Reproduction of part of the material below, pictures omitted: copy exactly, and only, the lines starting with the one with "Lionel trains, transformers, tracks, and" and going on through the one with "Pull&Bear - Pantalon".

ENTRIES SHOWN:
★ ★ ★ ★ ★
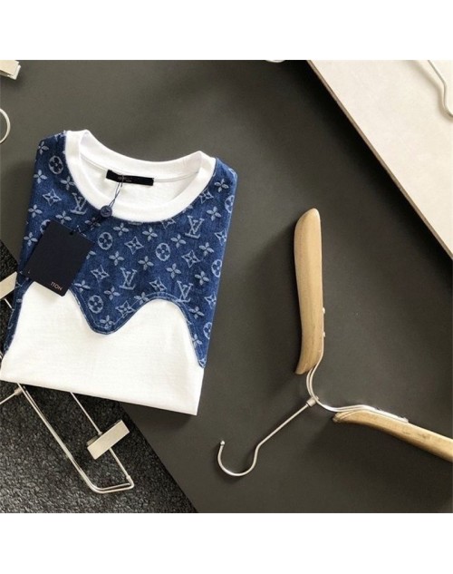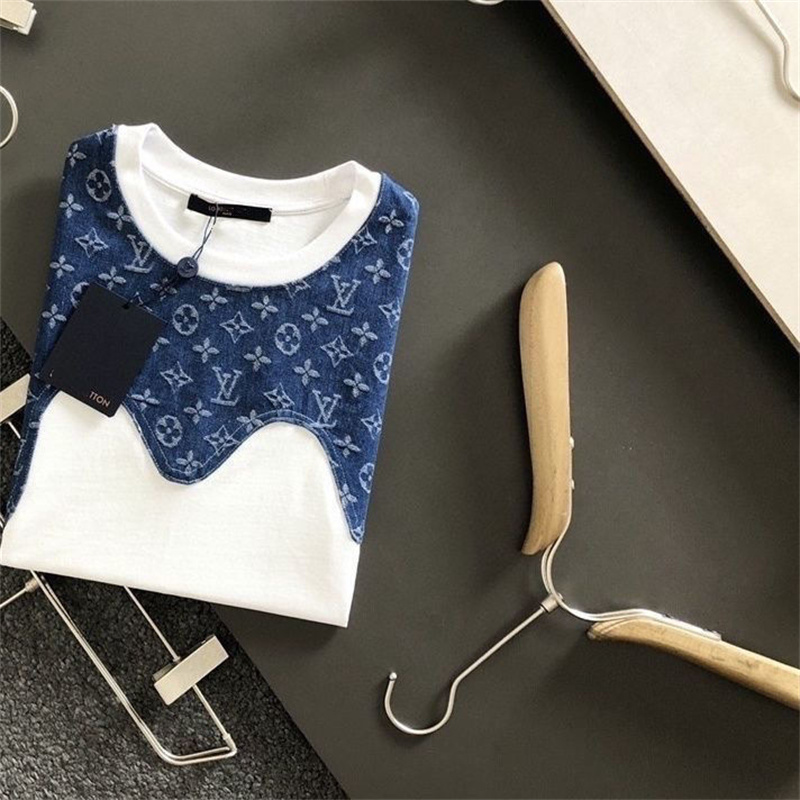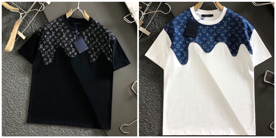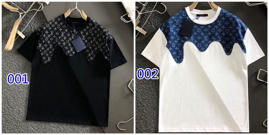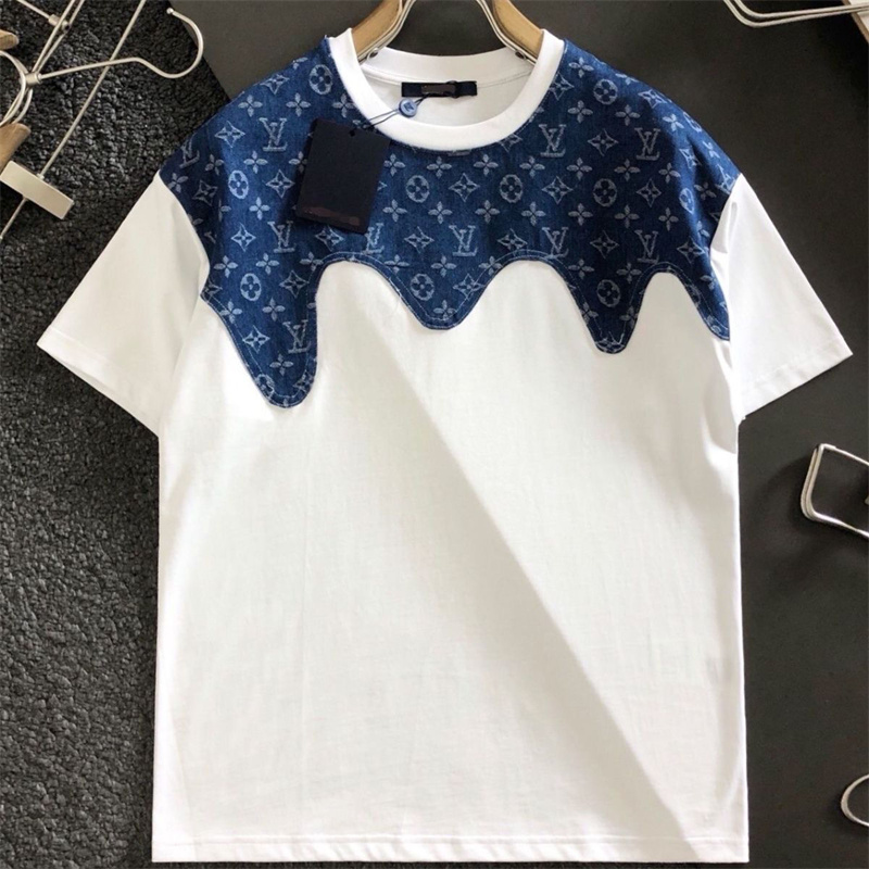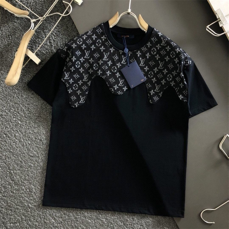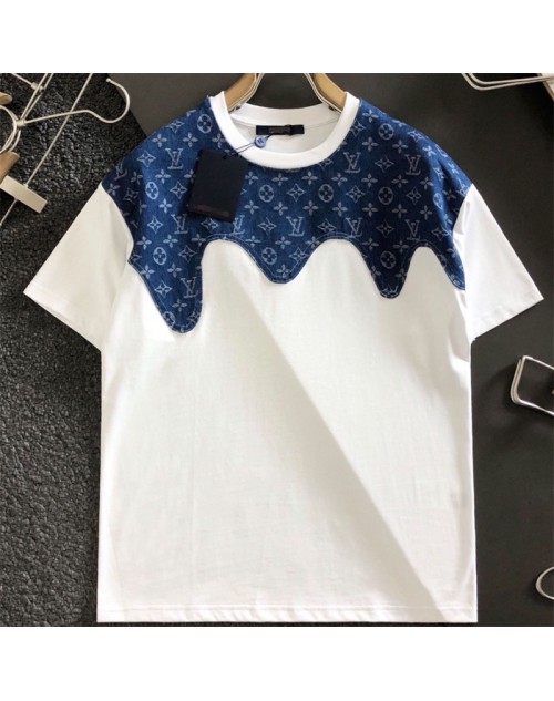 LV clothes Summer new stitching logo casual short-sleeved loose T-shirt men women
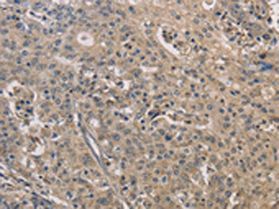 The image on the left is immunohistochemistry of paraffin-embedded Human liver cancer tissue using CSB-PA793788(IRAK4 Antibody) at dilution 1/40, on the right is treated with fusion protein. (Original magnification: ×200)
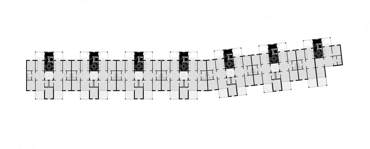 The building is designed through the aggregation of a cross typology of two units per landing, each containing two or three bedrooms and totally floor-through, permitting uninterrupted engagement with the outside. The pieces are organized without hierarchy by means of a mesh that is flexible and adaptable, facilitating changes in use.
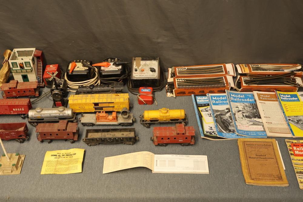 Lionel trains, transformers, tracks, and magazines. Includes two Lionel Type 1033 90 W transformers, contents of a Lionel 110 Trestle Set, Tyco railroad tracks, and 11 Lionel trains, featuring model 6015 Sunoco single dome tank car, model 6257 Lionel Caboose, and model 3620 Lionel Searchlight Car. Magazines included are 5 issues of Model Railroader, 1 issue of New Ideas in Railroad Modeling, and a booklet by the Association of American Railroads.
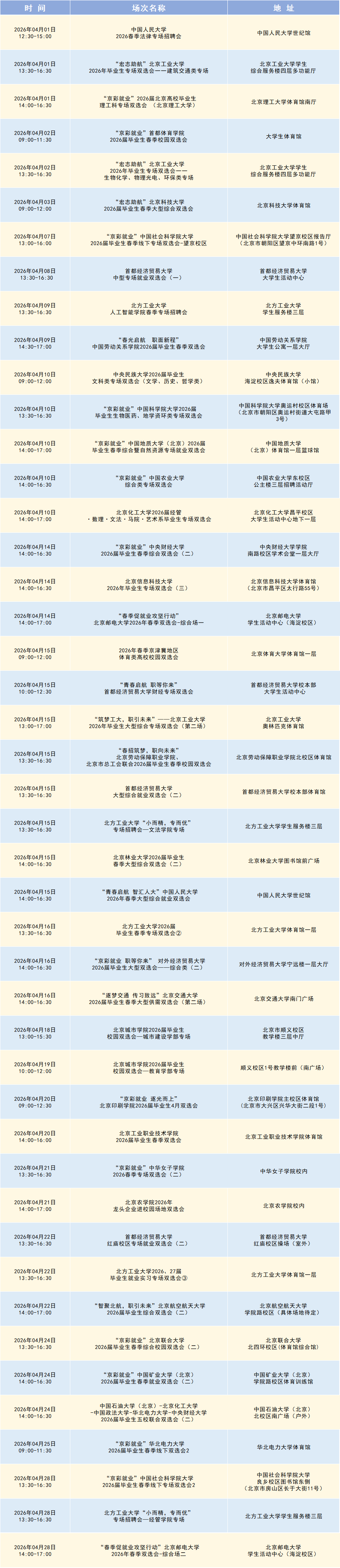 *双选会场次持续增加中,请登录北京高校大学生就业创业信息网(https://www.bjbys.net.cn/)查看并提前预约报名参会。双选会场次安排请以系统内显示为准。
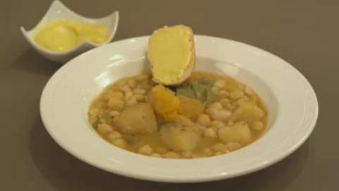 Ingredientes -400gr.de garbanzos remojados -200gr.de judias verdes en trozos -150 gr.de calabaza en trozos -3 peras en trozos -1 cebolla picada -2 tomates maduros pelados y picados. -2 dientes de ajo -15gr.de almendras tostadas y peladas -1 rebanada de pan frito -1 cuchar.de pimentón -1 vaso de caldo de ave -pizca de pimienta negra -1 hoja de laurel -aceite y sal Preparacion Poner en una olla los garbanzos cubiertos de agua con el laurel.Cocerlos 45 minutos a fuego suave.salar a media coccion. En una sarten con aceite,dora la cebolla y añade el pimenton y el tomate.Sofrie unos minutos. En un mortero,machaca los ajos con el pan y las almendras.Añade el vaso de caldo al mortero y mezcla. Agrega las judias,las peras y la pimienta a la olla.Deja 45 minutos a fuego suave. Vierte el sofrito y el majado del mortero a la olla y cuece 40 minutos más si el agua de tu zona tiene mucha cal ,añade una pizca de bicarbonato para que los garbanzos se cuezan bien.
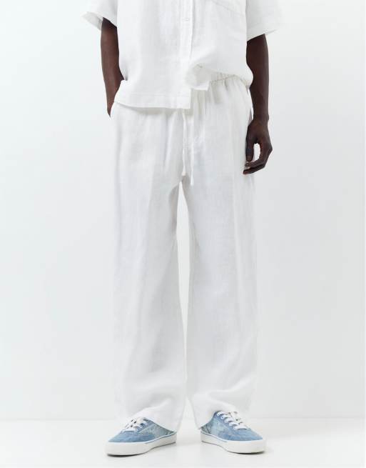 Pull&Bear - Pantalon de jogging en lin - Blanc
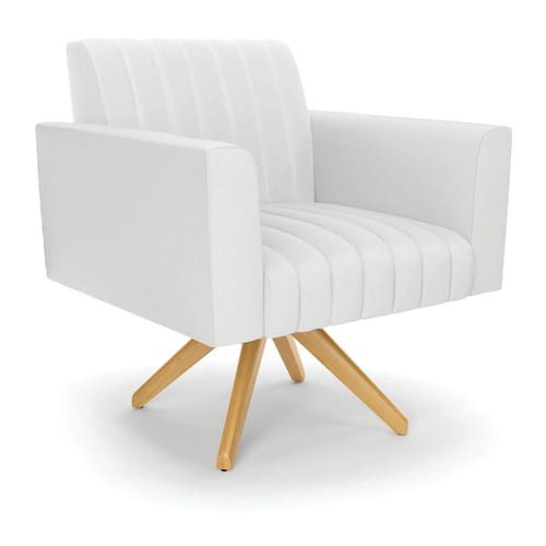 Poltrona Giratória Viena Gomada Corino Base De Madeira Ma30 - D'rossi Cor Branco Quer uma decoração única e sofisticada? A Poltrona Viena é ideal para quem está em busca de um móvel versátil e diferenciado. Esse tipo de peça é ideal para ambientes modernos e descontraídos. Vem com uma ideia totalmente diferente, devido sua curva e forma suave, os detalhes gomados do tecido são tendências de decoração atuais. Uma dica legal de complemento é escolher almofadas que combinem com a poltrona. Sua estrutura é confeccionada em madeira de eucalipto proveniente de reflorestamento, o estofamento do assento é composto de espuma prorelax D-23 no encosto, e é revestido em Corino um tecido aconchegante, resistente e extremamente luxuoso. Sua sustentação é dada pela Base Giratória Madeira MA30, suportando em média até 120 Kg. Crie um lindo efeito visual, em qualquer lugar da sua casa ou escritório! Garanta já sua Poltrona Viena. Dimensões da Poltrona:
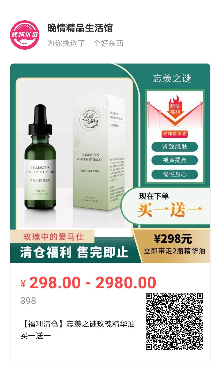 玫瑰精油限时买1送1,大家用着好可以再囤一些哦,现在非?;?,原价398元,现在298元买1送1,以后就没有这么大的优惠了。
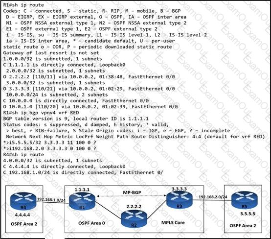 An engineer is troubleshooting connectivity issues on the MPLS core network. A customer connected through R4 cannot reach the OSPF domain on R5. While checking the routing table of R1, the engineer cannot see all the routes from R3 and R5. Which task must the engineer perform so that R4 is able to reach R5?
★ ★ ★ ★ ★
TASK RESULT:
 Lionel trains, transformers, tracks, and magazines. Includes two Lionel Type 1033 90 W transformers, contents of a Lionel 110 Trestle Set, Tyco railroad tracks, and 11 Lionel trains, featuring model 6015 Sunoco single dome tank car, model 6257 Lionel Caboose, and model 3620 Lionel Searchlight Car. Magazines included are 5 issues of Model Railroader, 1 issue of New Ideas in Railroad Modeling, and a booklet by the Association of American Railroads.
 *双选会场次持续增加中,请登录北京高校大学生就业创业信息网(https://www.bjbys.net.cn/)查看并提前预约报名参会。双选会场次安排请以系统内显示为准。
 Ingredientes -400gr.de garbanzos remojados -200gr.de judias verdes en trozos -150 gr.de calabaza en trozos -3 peras en trozos -1 cebolla picada -2 tomates maduros pelados y picados. -2 dientes de ajo -15gr.de almendras tostadas y peladas -1 rebanada de pan frito -1 cuchar.de pimentón -1 vaso de caldo de ave -pizca de pimienta negra -1 hoja de laurel -aceite y sal Preparacion Poner en una olla los garbanzos cubiertos de agua con el laurel.Cocerlos 45 minutos a fuego suave.salar a media coccion. En una sarten con aceite,dora la cebolla y añade el pimenton y el tomate.Sofrie unos minutos. En un mortero,machaca los ajos con el pan y las almendras.Añade el vaso de caldo al mortero y mezcla. Agrega las judias,las peras y la pimienta a la olla.Deja 45 minutos a fuego suave. Vierte el sofrito y el majado del mortero a la olla y cuece 40 minutos más si el agua de tu zona tiene mucha cal ,añade una pizca de bicarbonato para que los garbanzos se cuezan bien.
 Pull&Bear - Pantalon de jogging en lin - Blanc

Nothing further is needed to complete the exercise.